The solvent or the Mobile phase is put in a glass reservoir. It is generally a combination of polar and non-polar liquids whose concentrations are determined by the sample composition.

• Pump

The solvent in the Mobile phase is aspirated by a pump from the reservoir and forced through the HPLC column and then the sensor.

• Detector

what is hplc The sensor in an HPLC System can be found at the end of the column and it finds the parts of the sample which elute from the column. Various kinds of detectors like fluorescence, mass-spectrometric, UV-spectroscopic, and electrochemical sensors are used.

• Data collection systems

The signal from the Sensor is received by recorders that are utilized to process, store, and reproduce chromatographic data. The information is interpreted and integrated by means of a computer that produces a user friendly chromatograph.

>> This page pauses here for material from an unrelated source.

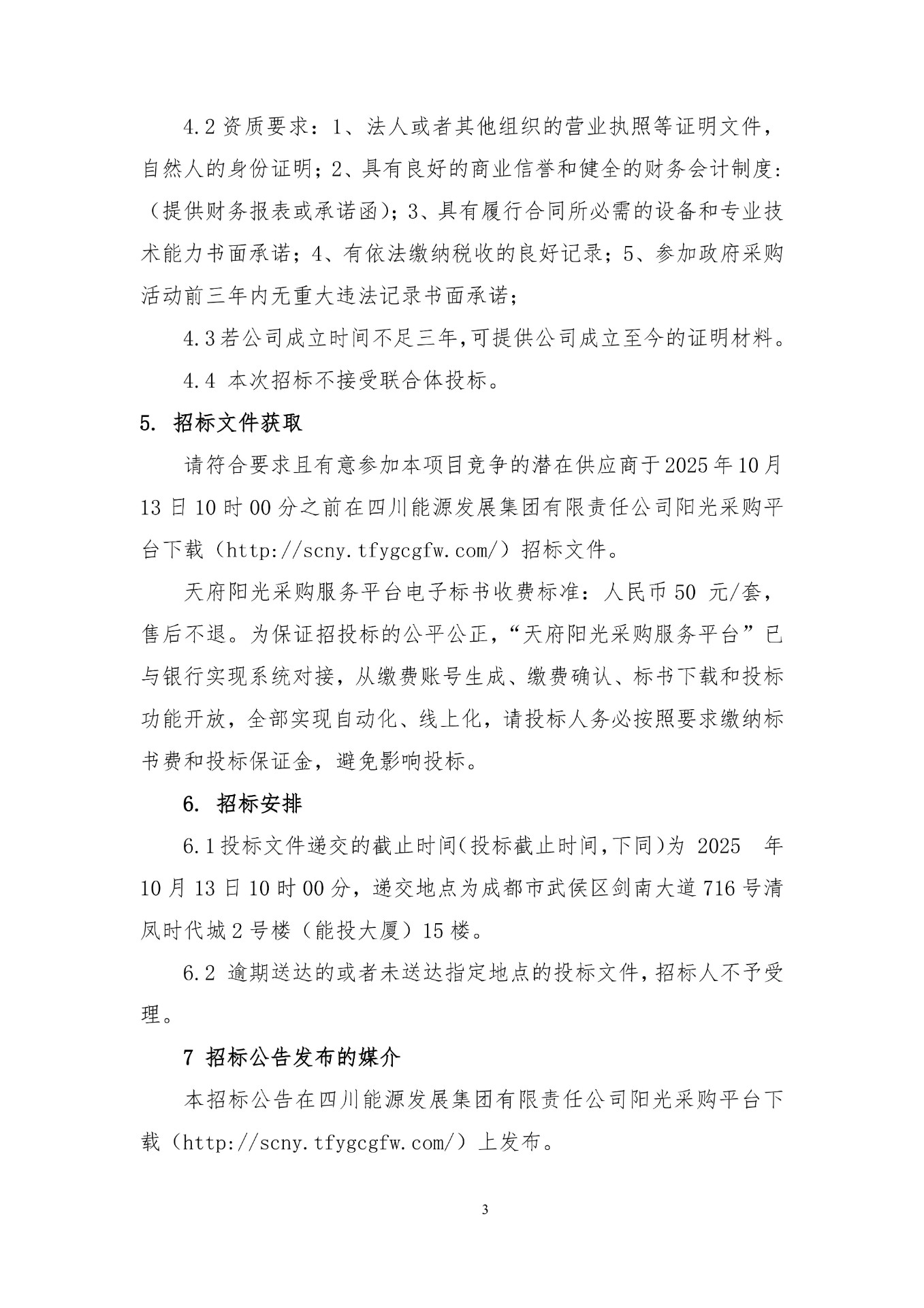 6.1投标文件递交的截止时间(投标截止时间,下同)为 2025 年10月13日10时00分,递交地点为成都市武侯区剑南大道716号清凤时代城2号楼(能投大厦)15楼。

High Performance liquid chromatography has been extensively employed for the analysis of antibiotics since it is superior to traditional microbiological assays concerning specificity, sensitivity and evaluation period. In this guide, HPLC conditions for the analysis of a number of antibiotics are outlined. For analysis of biological samples, not extraction procedures but also derivatization methods are clarified, if needed. Since it is not feasible to record HPLC methods for many antibiotics in clinical use, only a few have been selected from each class. Where a stereoisomer is present for the antibiotic of curiosity, the HPLC conditions that have the ability to resolve stereoisomers are clarified.